When Hammer Films remade THE MUMMY in 1959, the character took another step in Jason’s direction. Combining elements from the 1932 original and Universal’s subsequent ’40s films, Hammer’s Mummy (played by Christopher Lee) was no longer an arthritic cripple shambling along at a snail’s pace; instead, he was a striding juggernaut, smashing through windows and doors and mowing his victims down with admirable dispatch. He did not wield any sharp implements, but their was a brutal efficiency to his methods, as when he rebels against the high priest and breaks his back over his knee.
This last sequence finds an approximate corollary in FRIDAY THE 13TH PART VI: JASON LIVES, when Jason bends a sheriff backwards. I can’t say that writer-director Tom McLoughlin was making a direct reference to the 1959 MUMMY, but the film shows him to be a fan of classic movie monsters (he names a store after Boris Karloff, the original Mummy, for example).
Also a fan of old horror movies was John Carl Buechler, who directed the next FRIDAY THE 13TH film, PART VII: THE NEW BLOOD. He told me once that the slasher icons of the ’70s and ’80s (Leatherface, Michael Myers, Jason) did not have the same appeal as the previous generation of horror characters like Dracula and Frankenstein; only when Jason became one of the walking dead (in JASON LIVES) did Buechler start to find the character interesting. Indeed, one of the strengths of Bueckler’s FRIDAY film is the depiction of Jason, whose costume and makeup (when it is finally revealed) go a long way toward making him resemble a good old-fashioned movie monster.
What all this tells me is that the distinctions we might like to draw between films of different eras are not so clear cut as we might like to believe. Our love for films we saw at an impressionable age is not to be dismissed lightly, but neither should it blind us to the strengths and weaknesses of films are either older or newer than the ones we usually prefer. Here at Cinefantastique Online, we treasure classic movies not because they are old but because they are good and/or historically important. We may look askance at popular trends, and we don’t quaff each new brand of Kool-Aid that Hollywood pumps out to an undiscriminating public, but we don’t dismiss the new simply because it is new; we appreciate good work from any era. I wish the new FRIDAY THE 13TH had been a better film, one worthy of becoming the big success it seems poised to be. But I won’t let my disappointment fool me into thinking that those old Mummy movies are somehow intrinsically better in a way that a Jason film could never hope to be.

2 Replies to “Sense of Wonder: Jason vs. the Mummy”

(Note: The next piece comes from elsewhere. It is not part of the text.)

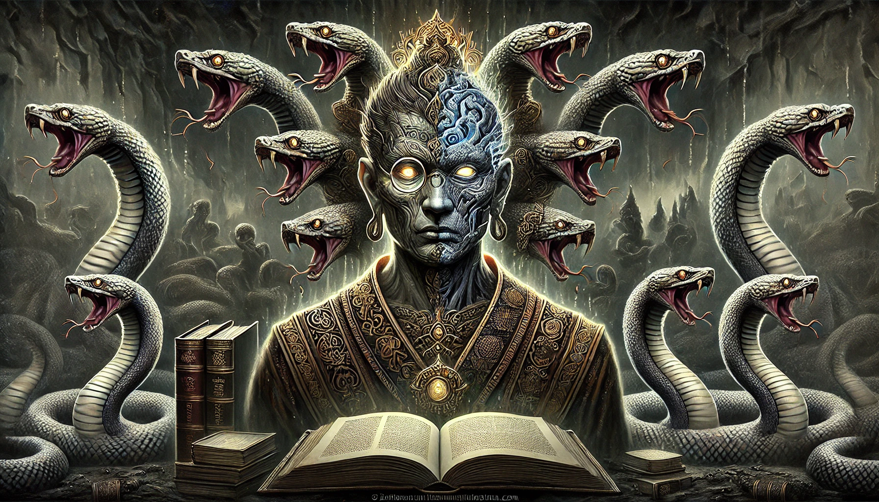 Мы уже обсуждали, что в буддистской традиции наги – это двойственные существа, которые могут быть как хранителями знания, так и олицетворением омрачений (клеша), препятствующих пробуждению. Их змеиная природа связывает их с неведением, привязанностью и инстинктивными силами, которые удерживают сознание в круговороте сансары. В этом смысле наги олицетворяют знание без мудрости, интеллект без духовного прозрения. Это подчеркивает важное представление о том, что знание само по себе не ведёт к просветлению, если ум остается омрачённым.

  1. I agree with you completely, Steve. As Mike Hodel, the host of the science fiction radio show Hour 25 once put it, “The Golden Age of Science Fiction is 12,” meaning that vivid experiences from an emerging pre-teen remain vivid, be they science fiction readers, comic book aficionados, or horror movie fans. We all tend to like things that live up to our expectations of them. I recall many horror fans telling me that, for example, LET’S SCARE JESSICA TO DEATH was a genuinely creepy, inventive horror film. When I finally caught up to it years later, I found it slow-moving, uninvolving, and dull, but then I’d seen thousands of horror films by then and couldn’t see it through the eyes of someone just discovering horror cinema.
    I can confirm that Tom McLoughlin is indeed a serious horror buff. He also crafted the decent low-budget horror film ONE DARK NIGHT. I recently appeared along with him and several horror notables in the documentary NIGHTMARES IN RED, WHITE, AND BLUE, a history of American horror films, which was written and produced by Joseph Maddrey.
    The clever thing about FREDDY VS. JASON is that the screenwriters cannily followed the cliches of both FRIDAY and NIGHTMARE movies, so it combined key elements (like them or not) of both.